● WHAT THE TASK ASKS
Below is a listing to copy exactly; no image goes into the copy.

● DATA SECTION
__________

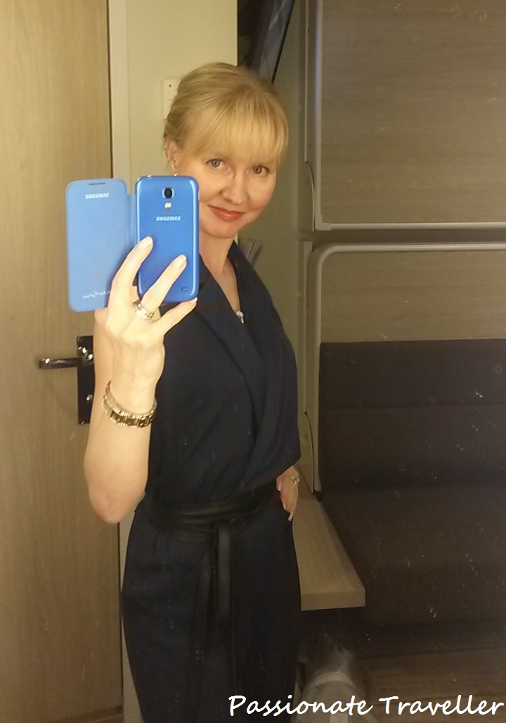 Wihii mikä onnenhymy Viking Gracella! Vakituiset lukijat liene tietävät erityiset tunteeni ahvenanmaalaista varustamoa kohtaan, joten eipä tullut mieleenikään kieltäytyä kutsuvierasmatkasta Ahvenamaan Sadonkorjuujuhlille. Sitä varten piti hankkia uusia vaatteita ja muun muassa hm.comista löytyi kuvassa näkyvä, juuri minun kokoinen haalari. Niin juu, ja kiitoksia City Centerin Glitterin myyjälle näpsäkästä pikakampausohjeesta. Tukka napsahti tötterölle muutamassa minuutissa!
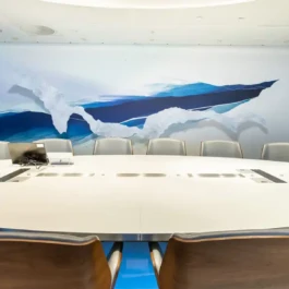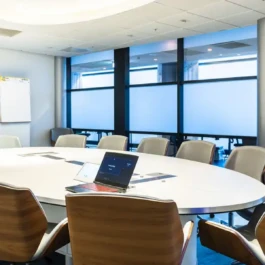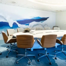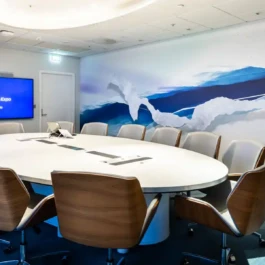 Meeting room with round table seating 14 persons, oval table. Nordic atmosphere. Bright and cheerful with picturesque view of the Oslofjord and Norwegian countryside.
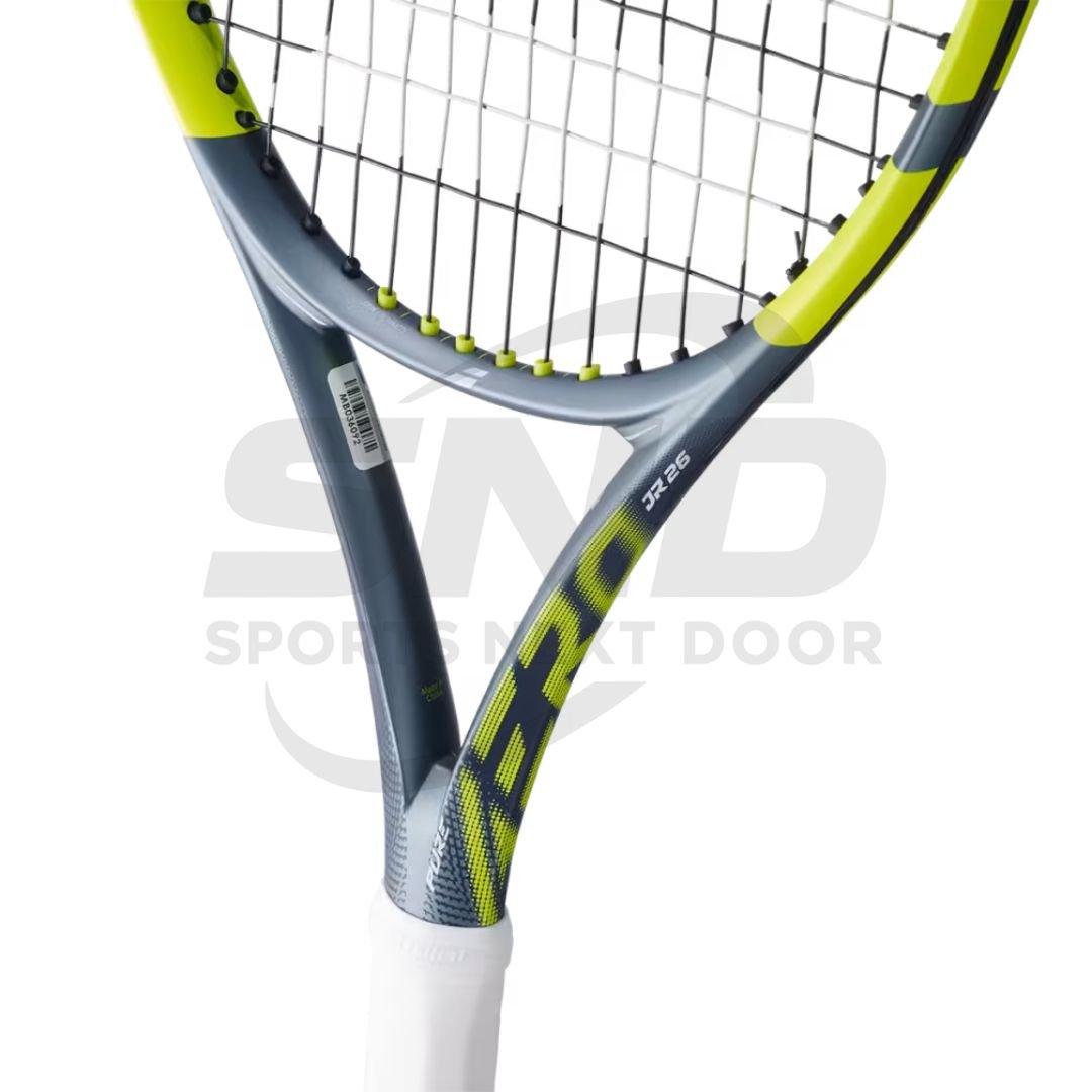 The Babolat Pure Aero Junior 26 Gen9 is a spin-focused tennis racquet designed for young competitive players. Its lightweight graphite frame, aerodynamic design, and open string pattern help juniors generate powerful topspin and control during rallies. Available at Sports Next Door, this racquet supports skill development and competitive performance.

__________

● YOUR SOLUTION
 Wihii mikä onnenhymy Viking Gracella! Vakituiset lukijat liene tietävät erityiset tunteeni ahvenanmaalaista varustamoa kohtaan, joten eipä tullut mieleenikään kieltäytyä kutsuvierasmatkasta Ahvenamaan Sadonkorjuujuhlille. Sitä varten piti hankkia uusia vaatteita ja muun muassa hm.comista löytyi kuvassa näkyvä, juuri minun kokoinen haalari. Niin juu, ja kiitoksia City Centerin Glitterin myyjälle näpsäkästä pikakampausohjeesta. Tukka napsahti tötterölle muutamassa minuutissa!
 Meeting room with round table seating 14 persons, oval table. Nordic atmosphere. Bright and cheerful with picturesque view of the Oslofjord and Norwegian countryside.
 The Babolat Pure Aero Junior 26 Gen9 is a spin-focused tennis racquet designed for young competitive players. Its lightweight graphite frame, aerodynamic design, and open string pattern help juniors generate powerful topspin and control during rallies. Available at Sports Next Door, this racquet supports skill development and competitive performance.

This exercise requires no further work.